ANALISIS KEBIJAKAN KESEHATAN
KEBIJAKAN PEMBERANTASAN WABAH PENYAKIT MENULAR:
KASUS KEJADIAN LUAR BIASA DEMAM BERDARAH DENGUE
(KLB DBD)
Lutvi Heryantoro, Luthfia Lisdawati, Noer Aisah, Weni Elizar, Jubaidillah, Riris Subastian
A. Stakeholder
1. Menteri Kesehatan
2. Dirjen P2M&PL
3. WHO
4. Pemerintahan daerah
B. Sasaran
Penanggulangan wabah demam berdarah seperti halnya wabah pada umumnya, melibatkan peran serta
masyarakat.
C. Tujuan
Kebijakan-kebijakan pemberantasan DBD secara umum bertujuan untuk:
1. Menurunkan angka kesakitan DBD yang tiap tahun selalu mengalami kenaikan.

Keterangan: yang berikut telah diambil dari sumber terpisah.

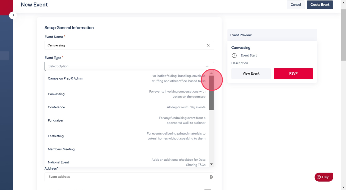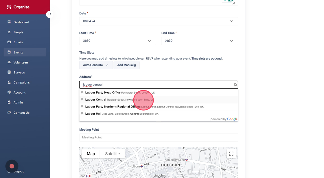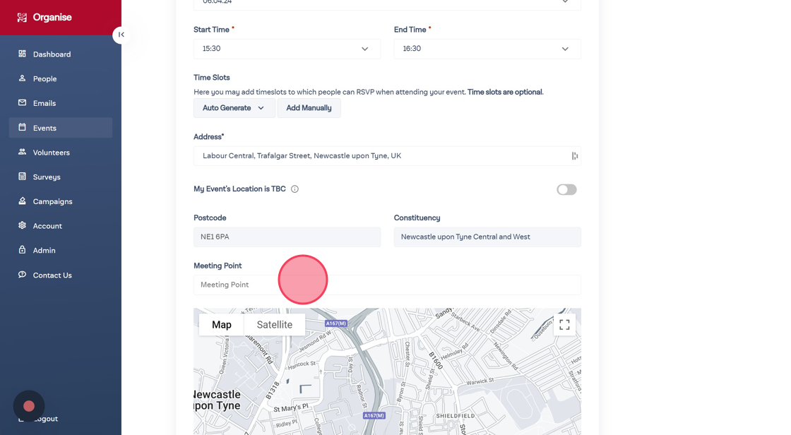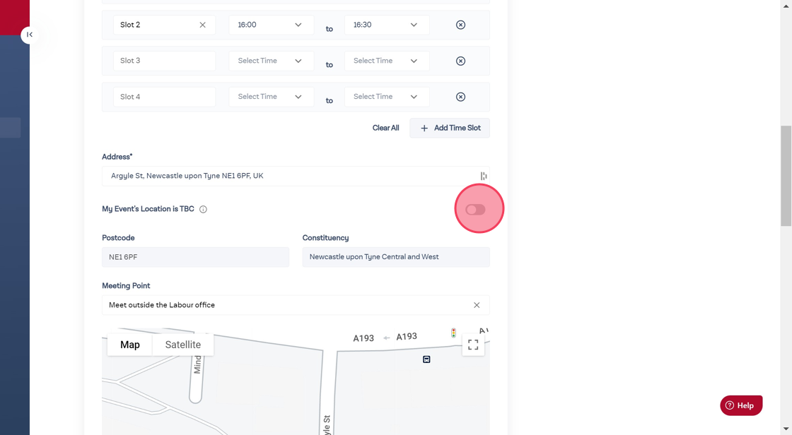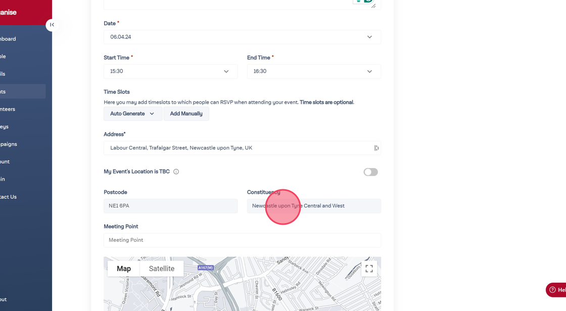 13. If you do not have a confirmed location for your event, you can list the event as Location TBC by clicking the toggle to switch it on. You will no longer have to enter an address for your event, your event will not be listed on the public events site and will only be accessible by direct link. Please note that this option is not recommended for general public-facing events such as canvasses. To attract as many volunteers as possible, such events should be listed on the public website with an address in the relevant constituency. It is acceptable to list a placeholder address with an explanation in event description that the specific location will be confirmed.

2. Menghindari terjadinya KLB di daerah endemik atau pun di daerah yang belum ditemui kasus.
3. Menekan penyebaran penularan penyakit terutama dalam upaya pemberantasan vector DBD (Aedes
aegypti).
4. Memberdayakan masyarakat agar mempunyai pengetahuan yang benar tentang DBD, upaya
pencegahannya serta masyarakat tanggap terkait dengan sistem kewaspadaan dini.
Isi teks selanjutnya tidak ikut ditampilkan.